* **Provided material**
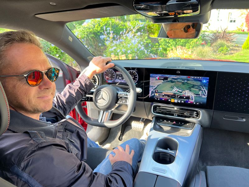 « Dans cet écrin épuré et raffiné, la qualité de fabrication est de série : pont central flottant, toit panoramique, sellerie sport, ambiance lumineuse, écran inédit panoramique MBUX Superscreen, l’habitacle est habilement pensé, de sorte qu’on ait du confort et un bel espace à disposition. On note également une insonorisation qui n’est pas excessive et de fait ultra appréciable pour l’utilisateur ».
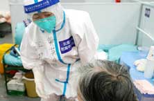 上海:升级方舱收治老年感染者 4月25日,在上海临港方舱医院,一名老年患者与医护人员交流自己过往用药史。4月25日,记者在上海临港方舱医院内看到,在对约2000张床位进行升级改造后,该方舱医院床位配备氧气钢瓶、监护仪、吸痰器等设备,陆续收治老年感染者。 26日
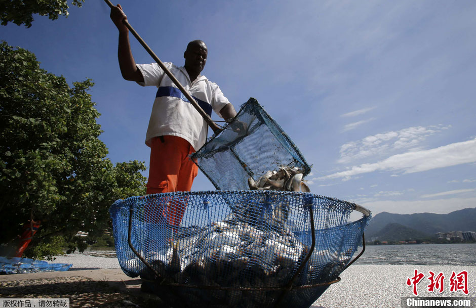 巴西里约湖泊现大量死鱼 气味腐臭难闻
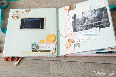 Le contenu du mini album "Efteling en famille", avec la partie album traditionnel, et la page contenant le mini écran vidéo.

* **Your objective**
In the copy, include exactly the lines from the one with "巴西里约湖泊现大量死鱼 气味腐臭难闻" through the final line of the data, both ends included, and no pictures.

* **Task response**
 巴西里约湖泊现大量死鱼 气味腐臭难闻
 Le contenu du mini album "Efteling en famille", avec la partie album traditionnel, et la page contenant le mini écran vidéo.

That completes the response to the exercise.